When ready, Canso and Stella Maris will sail to Maritime Forces Atlantic in Halifax, Nova Scotia, in 2023 and 2024.
- Naval Large Tug #1 Haro – This name is taken from the Haro Strait, which connects the Straits of Georgia and Juan de Fuca in British Columbia, and is frequently transited by Royal Canadian Navy vessels proceeding north from Esquimalt, the home of our Pacific Fleet.
- Naval Large Tug #2 Barkerville – This name is taken from the Second World War-era Ville-class tug of the same name,which capsized and sank at the entrance of Bedwell Harbour, British Columbia, on 17 December 1945, while towing His Majesty’s Canadian Ship (HMCS) Hespeler to its mooring.

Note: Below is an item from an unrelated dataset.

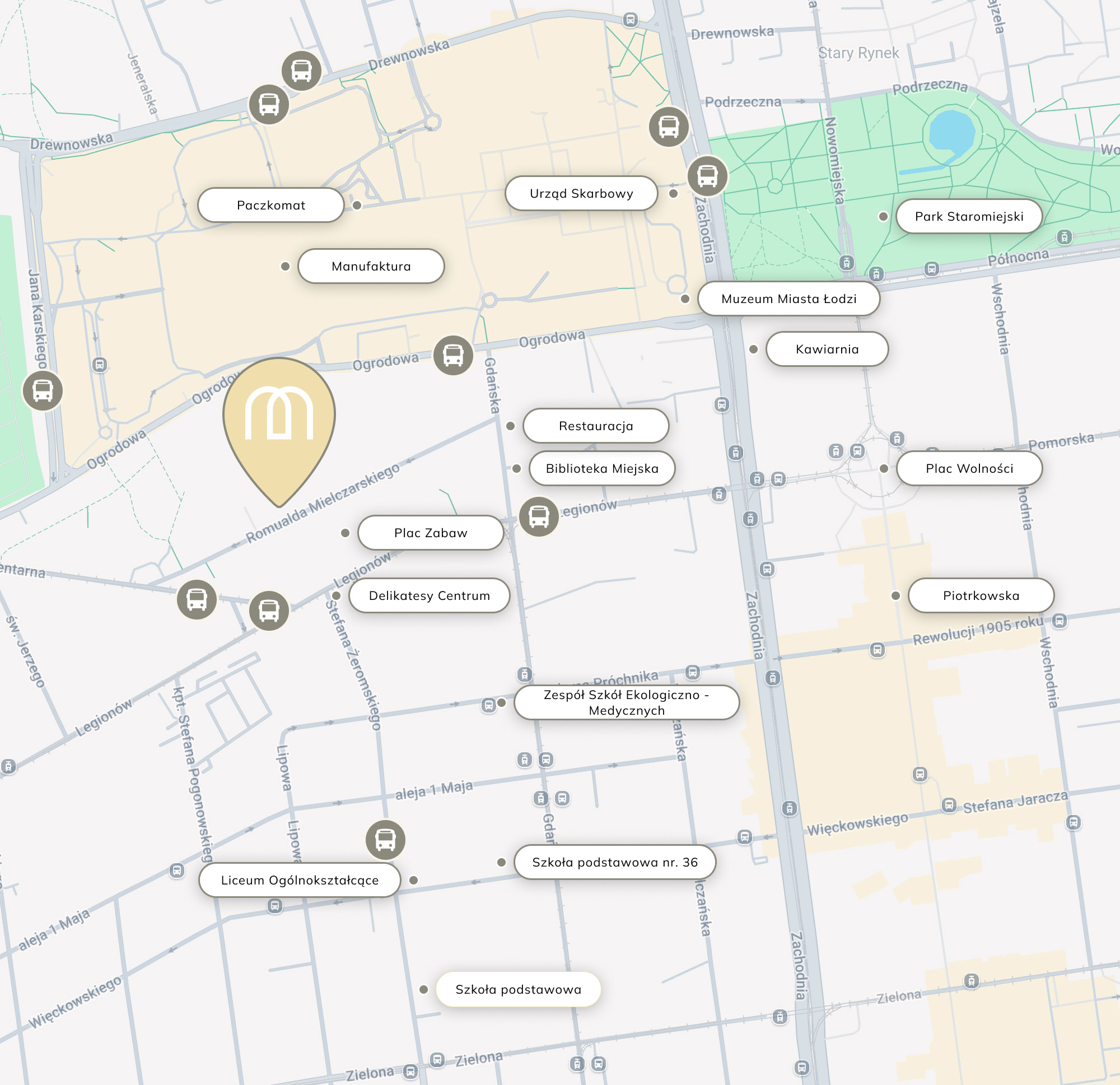 Lokalizacja inwestycji Mielczarskiego 23 jest wyjątkowa nie tylko ze względu na najbliższą okolicę. Od Piotrkowskiej, czyli najbardziej reprezentacyjnej ulicy Łodzi dzieli nas 15 minut spacerem. W podobnym czasie dostaniemy się do centrów rozrywkowych takich jak Atlas Arena, czy Aquapark „Fala”. Dodatkowym atutem jest bliskość terenów zielonych — piękny Park Helenów to niecałe pół godziny spaceru od kamienicy. Ze względu na dobrą komunikację z jednostkami uczelni wyższych, inwestycja jest atrakcyjną miejscówką dla studentów.

- Naval Large Tug #3 Canso – This name is taken from the Canso Strait separating Nova Scotia from Cape Breton Island. This is a region that figures prominently in Canada’s formative history. It also reflects the Royal Canadian Navy’s past with HMCS Canso, a minesweeper that served in the Pacific and Atlantic during the Second World War, and was on hand at D-Day.
- Naval Large Tug #4 Stella Maris – This name was selected in recognition of the valiant actions of the crew of the tug that came to the assistance of the French munitions ship, SS Mont-Blanc on 6 December 1917, in Halifax Harbour. The tug crew tried to fight a fire on board Mont-Blanc, and recognizing that they had insufficient water to quench the fire, selflessly attempted to tow the burning vessel away from shore. The tug was severely damaged and 19 personnel on board perished when Mont-Blanc then erupted in the disaster known as the Halifax Explosion.
“While the names of these tugs, Haro, Barkerville, Canso, and Stella Maris, provide important linkages to Canada’s rich maritime history, their role is very much tied to our future,” noted VAdm Baines. “Serving on both coasts, this new fleet of tugs will support the Royal Canadian Navy’s future fleet, including the two Arctic and Offshore Patrol Ships we’ve already received, and the four more to come, two Joint Support Ships and 15 Canadian Surface Combatants. By supporting this future fleet, these new tugs will provide an important capability to help us to continue to meet Canada’s defence requirements over the decades to come.”
Filomena Tassi, Minister of Public Services and Procurement Canada, congratulated the Royal Canadian Navy on this important milestone. “Thanks to the National Shipbuilding Strategy, this future fleet will provide Royal Canadian members with safe, reliable ships to carry out their important work on behalf of Canada. Their construction is also contributing to the creation of jobs and strengthening Canada’s economy.”